Table 3 shows the three properties of the outbreak controlled by HS(with a 50% compliance level for household quarantine), with alert values increasing from 20 to 1000. Clearly, the higher the alert value, the larger the total number of cases and peak number of cases, and the earlier the peak day. With a lower alert value, that is, intervening earlier, control measures were more effective.

Table 3 Total number of cases, peak number of cases and peak day under HScontrol with various alert values

Table 4 shows the three properties of the outbreak controlled by HS(with a 50% compliance level for household quarantine) for four values of R 0 (1.24, 1.79, 2.42, and 2.60). By comparing the set of outcomes under control measure HSwith the corresponding Nscenario (for the same R 0) (Table 4), it can be seen that the control measure HSwas more effective for smaller R 0 values. Because the smaller the R 0, the lower the probability of an outbreak, the greater the relative decrease in total number of cases and peak number of cases, and the greater the relative delay in the peak day.

Table 4 Total number of cases, peak number of cases and peak day with or without HScontrol for four values of R 0

Discussion

From the ISTAM model, school closure resulted in about a 4.2% reduction in the total number of cases and a 28.9% reduction in the peak number of cases. These reductions were rather low compared with some empirical studies [36, 37] which suggest approximately a 15% reduction in the total number of cases and a 40% reduction in the peak number of cases. As Table 2 shows, with school closure, infection in schools was reduced to a very low level, but infection within other ABs increased in absolute number. The explanation is that school closure alone can move pupils' daily activities from school to home, and infection risk at home and other ABs may actually increase. This is consistent with other studies [31, 32, 50–53]. Milne et al. [51] argued in a comparison study that differences in effectiveness can arise from differences in assumptions about the timing and duration of school closure. It would be interesting to implement such finer level differences within the ISTAM model in future. Another explanation is that the current model does not consider the age dependence of susceptibility and infectiousness. For example, children may be more susceptible and infectious than adults [54, 55]. This should be explored in the future.

This research highlighted the importance of combining control measures. As shown in Table 1, school closure alone was not particularly effective, but when combined with home quarantine, it reduced the total number of cases more than the sum of these two control measures alone. It should be noted that although the three control measures are applicable to different levels of aggregation (refraining from social activity is applicable to individuals, household quarantine is applicable to all members within households and school closure is applicable to all students), they are not independent of each other. For example, individuals under household quarantine automatically refrain from social activities, and students under household quarantine do not go to school. The overlap between control measures may explain the enhancing effect of combining measures. The combination of non-pharmaceutical measures with pharmaceutical measures needs to be investigated in the future, particularly as for infectious diseases with large R 0, the effectiveness of non-pharmaceutical measures was shown to be limited.

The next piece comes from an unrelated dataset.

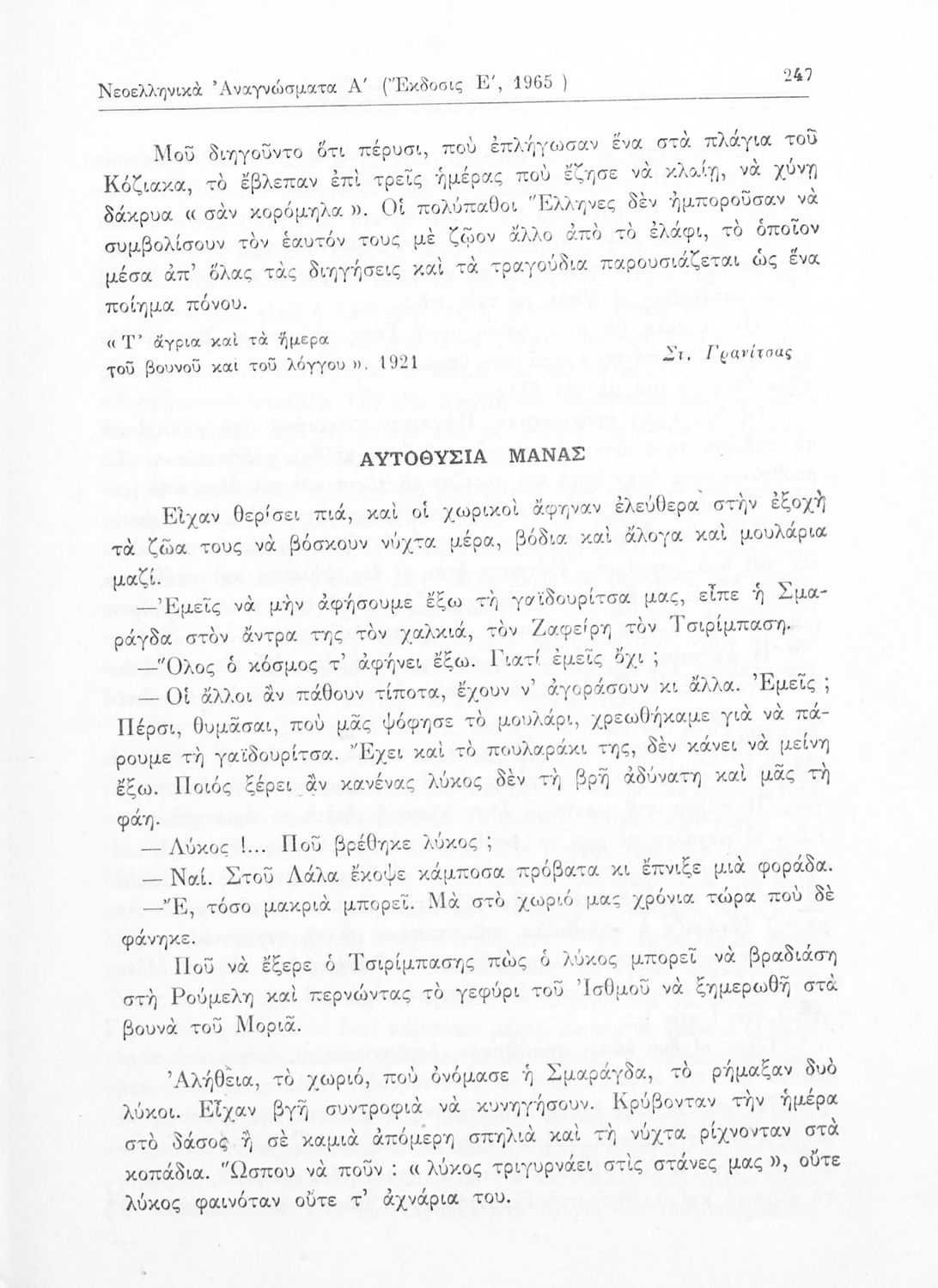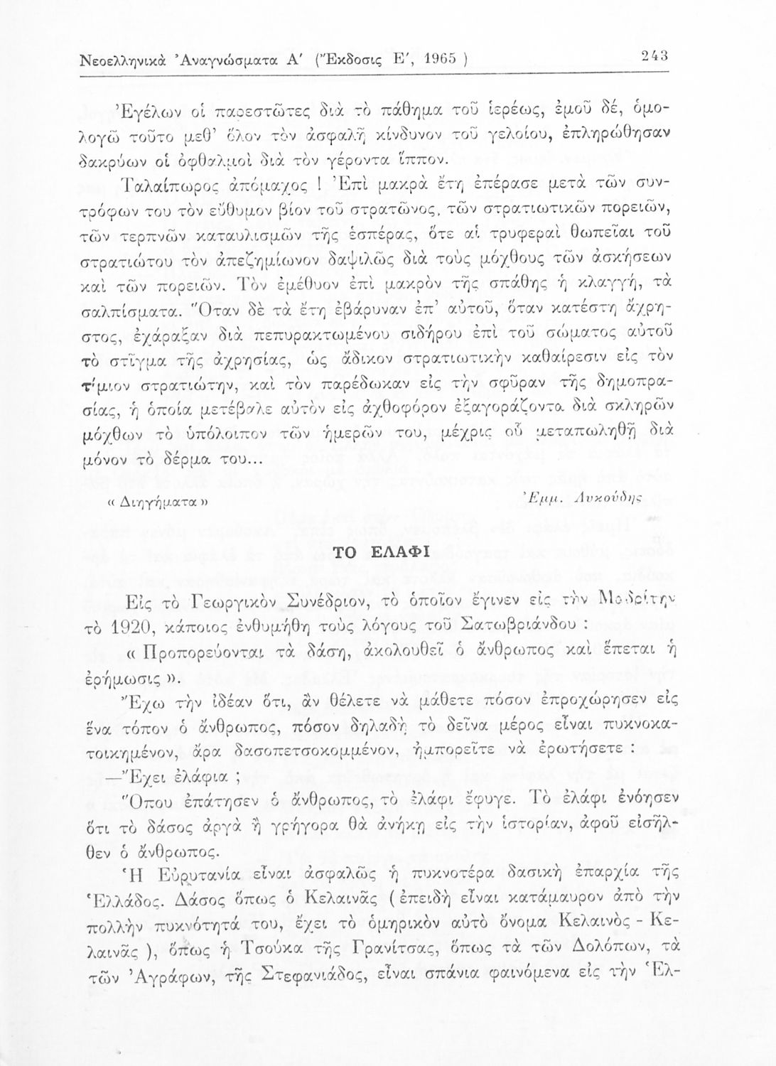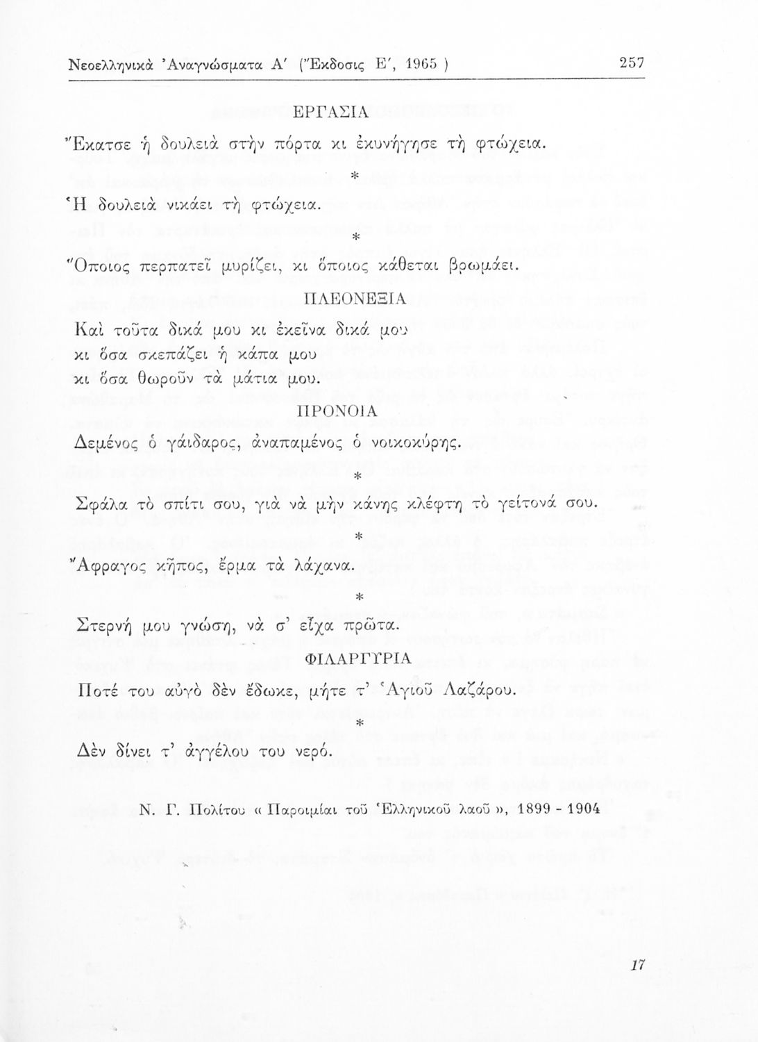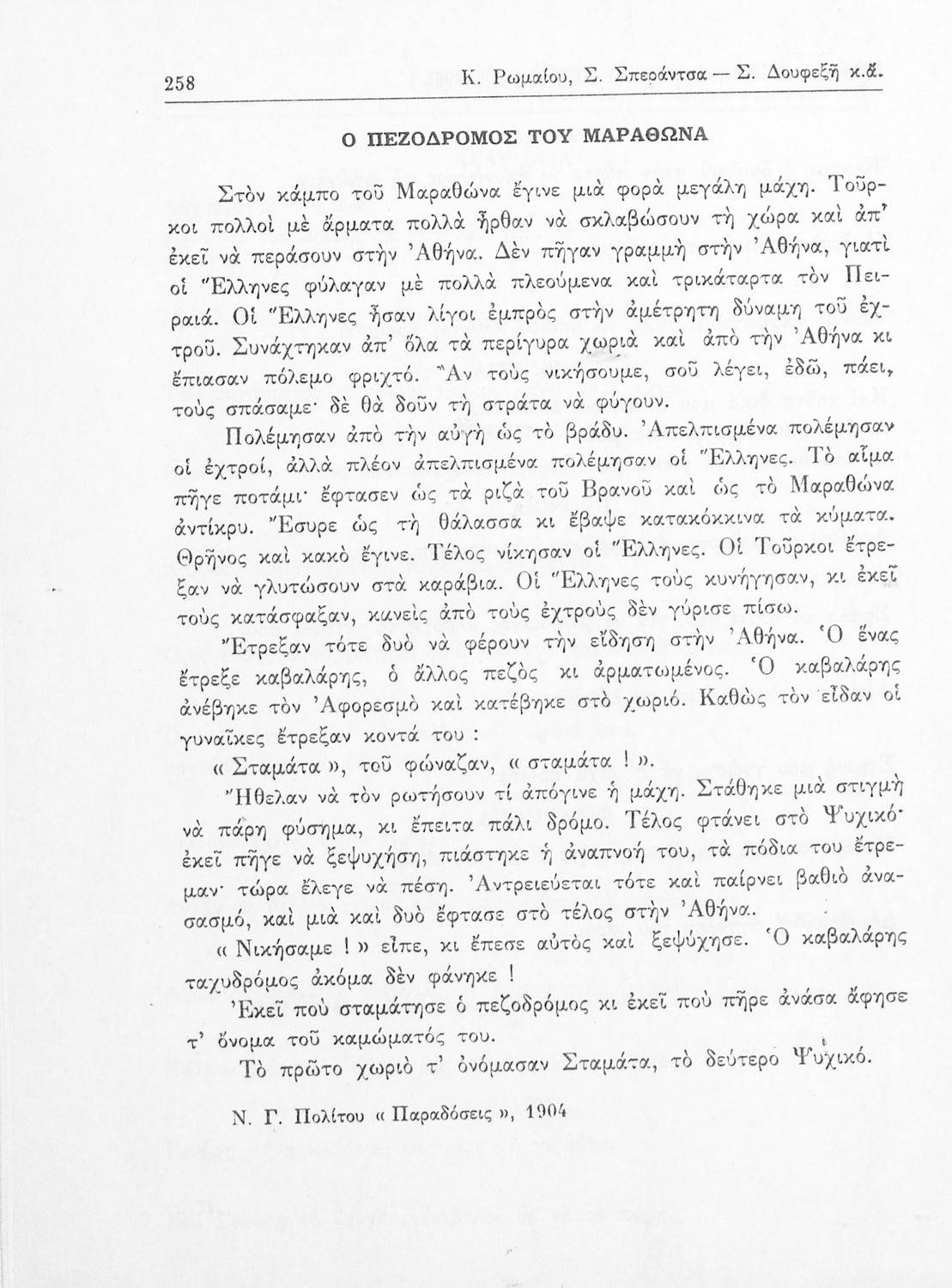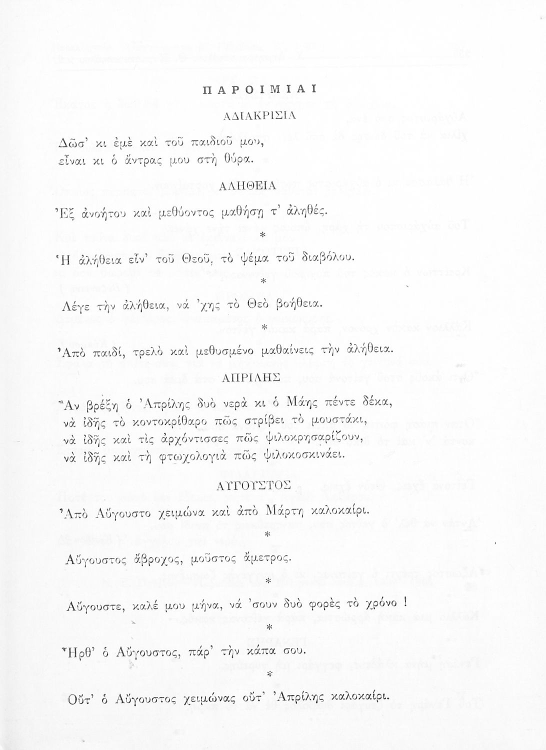 Σχολικό εγχειρίδιο Νέων Ελληνικών Γ΄ Γυμνασίου και Α' Αστικού Σχολείου που περιέχει πεζά και ποιήματα Ελλήνων συγγραφέων εμπνευσμένα από τη θρησκευτική και κοινωνική ζωή, την ελληνική μυθολογία, την αρχαία και

ISTAM is a novel model for simulating the transmission of infectious disease. The two-level structure (separating between-AB and within-AB activities) makes ISTAM flexible such that it can be applied to novel circumstances. The concept of AB plays a key role: both the building of individual activity patterns and simulation within ABs depends on how well the ABs are defined and classified. The merits of simulation by ISTAM are: (1) ISTAM is straightforward and provides a process-based representation of the real world, (2) using ISTAM, it is easy to account for important factors, neglect less important factors and include random factors in the model and (3) ISTAM facilitates the modelling of human actions (both active and reactive) and the interaction between humans at fine scales. ISTAM, if fed with activity pattern data, can simulate effectively individuals' movements at between-AB and within-AB levels. Providing data sources are sufficient, the model can be extended readily to larger study areas although the effort involved in data collection and model implementation is likely to be substantial and time-consuming.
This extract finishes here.